When it comes to compact wheel loaders (CWLs), there are three main reasons to consider going electric: operational benefits, environmental benefits and financial benefits. Let’s take a look at each.
Some people think an electric machine won’t have as much power as a diesel machine, but that’s just not true. There are brands whose electric model specifications match up with their diesel equivalents. More importantly, early users of electric compact wheel loaders have reported that they’ve experienced no drop in performance compared with a diesel machine.
There are even some ways electric machines outperform diesel models. One of those is the instant torque of electric. When the operator moves the joystick, the response is instantaneous rather than the slight delay that’s common with a diesel machine.
One of the best things about a CWL is its versatility due to its compatibility with multiple attachments, and electric versions are no different. We’ve also heard from operators that the reduced noise and vibration of electric machines makes jobsite communication easier and lessens fatigue.
Runtime is a common question about electric machines, but charging is not as complicated as you might think. Basically, the more power you can put into the machine, the faster it will charge — like filling your vehicle with a fuel pump versus a gas can.
For optimal charging time, it’s best to have a 240-volt, 32-amp Level 2 AC-charging setup that utilizes an SAE J1772 charging adapter or J plug. Before you get worried about the jargon, this is the same setup recommended for electric cars, and 240 volts is what many household appliances run on.
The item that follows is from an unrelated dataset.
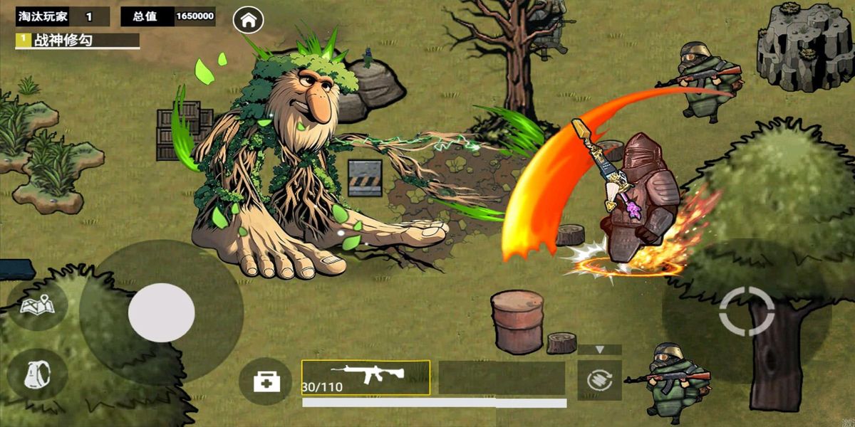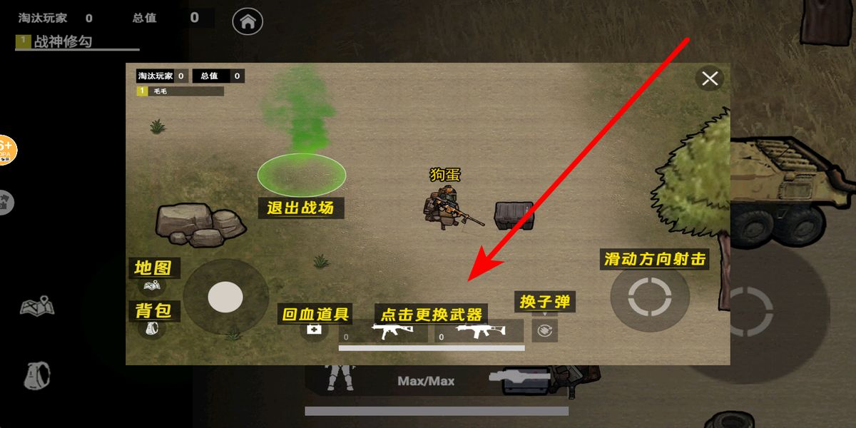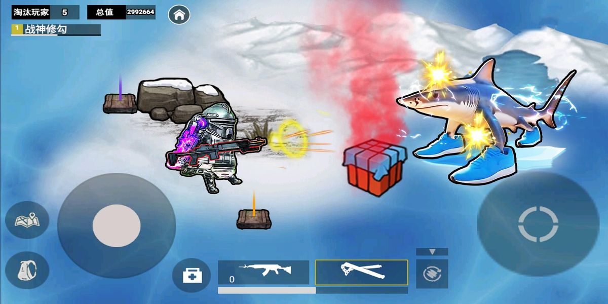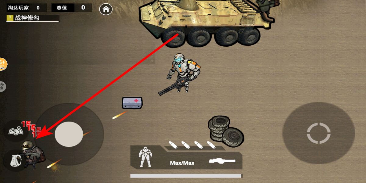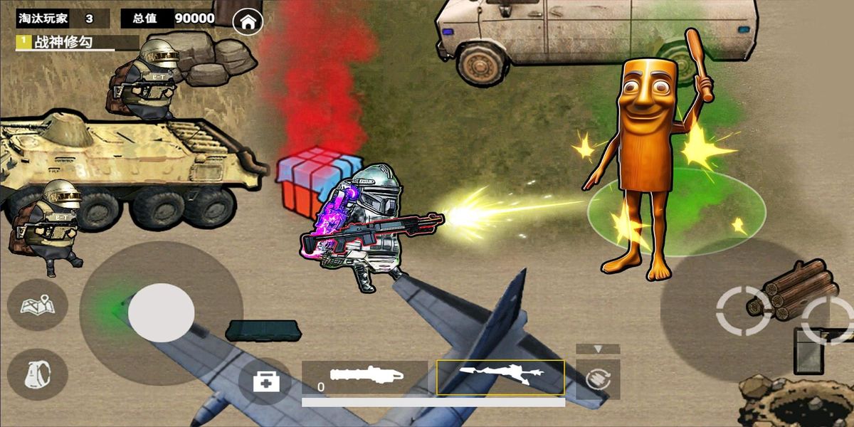2、进入战场后,点击更换武器切换枪械,滑动射击键瞄准敌人攻击,借助回血道具续航,利用掩体躲伤害,维持作战节奏。

A regular 120-volt outlet should also work depending on the brand of the machine you have, but it will take longer. There are also options like off-board fast chargers and solar-powered chargers. And of course, research and development will provide a wider range of charging options in the coming months and years.
Runtime will vary based on the manufacturer, but the electric compact wheel loaders I’m most familiar with get several hours from a full battery in their most common applications. Another thing to consider is that an electric machine turns off when it’s not in use. So think about how much your diesel compact wheel loaders idle in an average shift versus doing actual work. That electric machine may have more than enough battery to get the job done in a single charge.
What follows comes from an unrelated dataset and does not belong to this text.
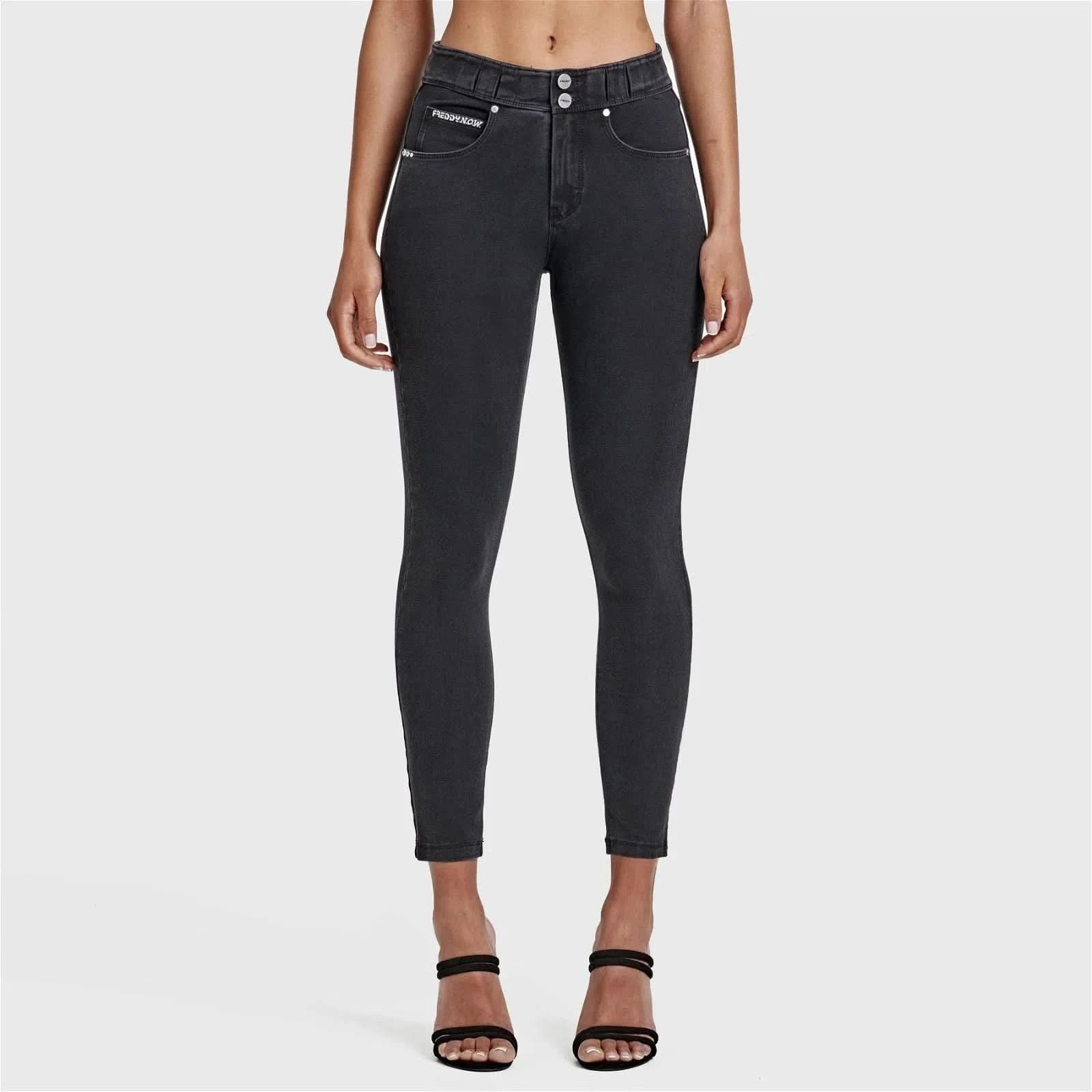 Incredibly comfortable form-fitting fabric with a waistband that contours your waistline securely, sitting higher than our traditional mid-rise styles. Looks like a traditional straight leg denim pant but in the worlds most comfortable Freddy fabric.

Another tip is to not run at full throttle all the time because you usually don’t need excessive power. Run in an appropriate rpm range and you’ll be just fine.
Even if sustainability is not a top priority for you, it is to many others. Governments are increasingly enacting clean air regulations, and more project owners are putting sustainability targets into their RFPs. A machine with zero emissions could help you win more bids.
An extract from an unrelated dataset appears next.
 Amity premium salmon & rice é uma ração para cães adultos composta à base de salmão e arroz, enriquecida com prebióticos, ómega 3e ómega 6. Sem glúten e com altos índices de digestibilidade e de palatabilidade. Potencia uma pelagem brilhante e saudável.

An electric machine could also open up new types of work for you. Just think about all the new and different ways electric CWLs can be used thanks to their zero emissions and significantly lower noise. They can work indoors, in congested areas, near animals and potentially at hours when noise restrictions are in place.
The ability to bid on emission- and noise-restricted jobs is part of a solid long-term business strategy and will help you qualify for applications where conventional machines aren’t welcome. Plus, it’s simply the right thing to do for our environment.
If you’re concerned about the cost of switching to electric, don’t forget to calculate the total cost of ownership (TCO) and not just the purchase price. Electric machines offer fuel savings, less maintenance and extended component life — and that’s on top of the additional work you may be able to win.
Maintenance is much simpler on an electric machine because there’s no engine to maintain. DEF and other filters also are not needed. Essentially, the only supplies required are grease and hydraulic oil. This is much different than a conventional machine that requires fluid, filter and component checks as often as every day.
Overall, the lifetime of battery-electric components should be equal to or better than that of the diesel engine on a conventional machine. My team conservatively estimates that users will see 35% savings in maintenance cost and time over the life of the electric machines we offer.
I mentioned earlier that many electric machines shut off when not in use. This means they can significantly reduce the accumulation of machine hours compared with diesel machines, which rack up hours while idling. This reduces operating costs — and it can also improve the resale value of the machine.
Summing It Up
Improvements on electric CWLs and charging infrastructure will continue, of course. But they are viable right now, too. Why wait to take advantage of their operational, environmental and financial benefits when you could get started today?
Talk to your dealer or OEM and determine whether an electric compact wheel loader might be a good addition to your lineup.